Barliant, who is currently in discussions with Marshall Field’s to open another location in the chain’s planned Minneapolis outpost, says his shop’s presence in Marshall Field’s ultimately does what all small booksellers need to do: Bring books to the places where the customers are. The key, Barliant says, is getting books to non-traditional locations.

The partnership is promising for Field’s as well, since department stores—suffering many of the same woes as bookstores—need to find unique ways to battle back into a marketplace dominated by mega-retailers like Target and K-Mart. The department store business has been stuck in “a no man’s land” for the past two decades, says Amanda Nicholson, director of the Retail Management & Consumer Studies Department at Boston College, losing business to discount retailers and specialty chains like Banana Republic and Ann Taylor. “On one end, you have the powerful discount chains which in the last 20 years have really taken a lot of the market share and then, at the other end, you have the specialty store chains like The Gap and Banana Republic,” she says. “People used to go to department stores to buy all their clothes, and that’s changed.”

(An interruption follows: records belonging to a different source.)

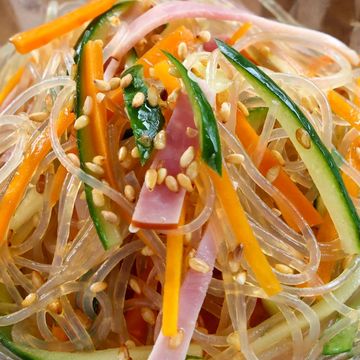 glass noodle, cucumber, carrot, chicken/ pork, sesame
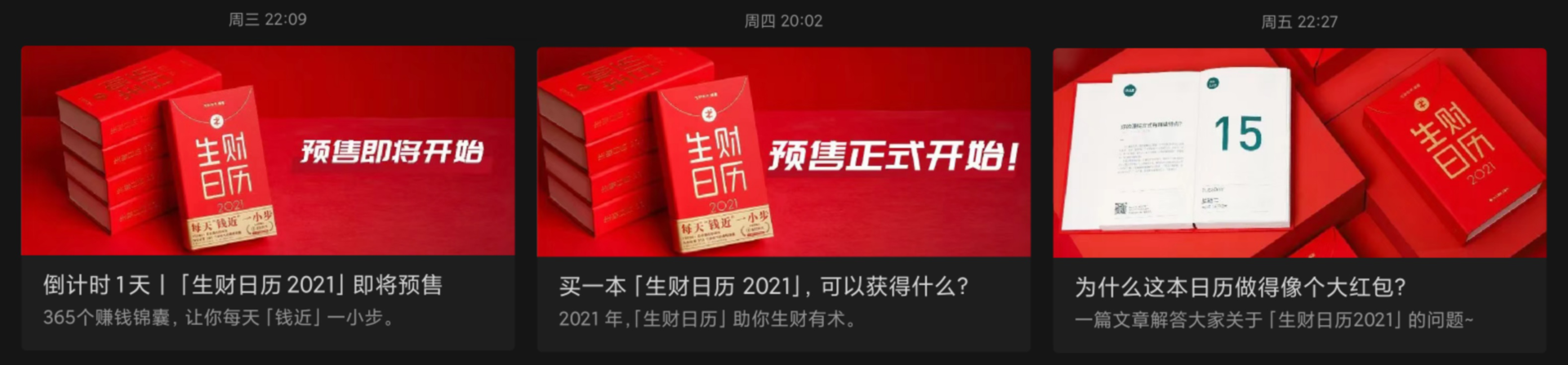 ①注意 通過9月23日的推文做了《生財日歷》預(yù)售倒計時的預(yù)告,全文非常簡單,通過醒目的大紅色日歷海報和“365個賺錢錦囊”“每天[錢進]一小步”成功勾起用戶的好奇心。
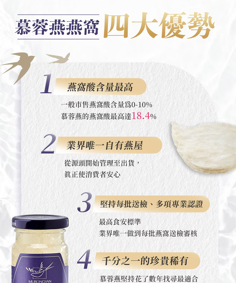 燕窩酸最高達18%,業界NO.1,補充滿滿燕窩營養
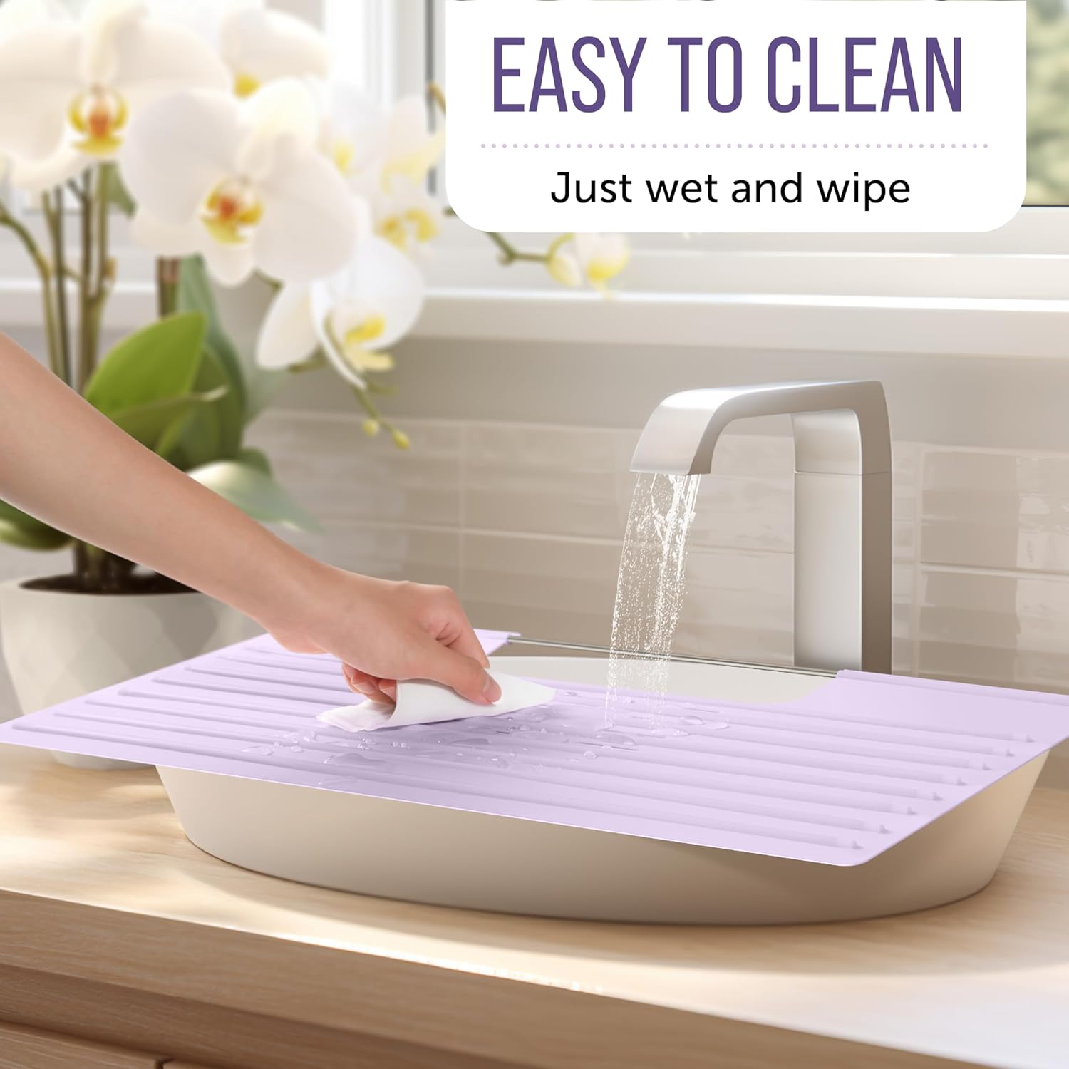 - Transform Your Space: Enhance your bathroom with the Maplefield Lavender Foldable Sink Cover, creating extra counter space with its innovative design. This over sink makeup mat transforms your small bathroom sink into a functional vanity area effortlessly

In fact, Marshall Field’s has “added or invigorated” 500 new vendors and brands at its State Street store since 2003, says Jennifer McNamara, a Field’s spokesperson, with the goal of creating “an environment unlike anything in retail.” Marshall Field’s, says Bart Weitz, director of the Miller Center for Retailing at the University of Florida, “wants to have something that’s unique and different, so Barbara’s is ideal for that. People can go to a Borders anywhere.” And what’s happening at State Street likely points to imminent changes at the store’s 62 other locations throughout the Midwest, and, perhaps, at Macy’s Bloomingdale’s and other department store chains. “If the Barbara’s location is working for Marshall Field’s,” says Nicholson, “then another company will be looking for similar deals.”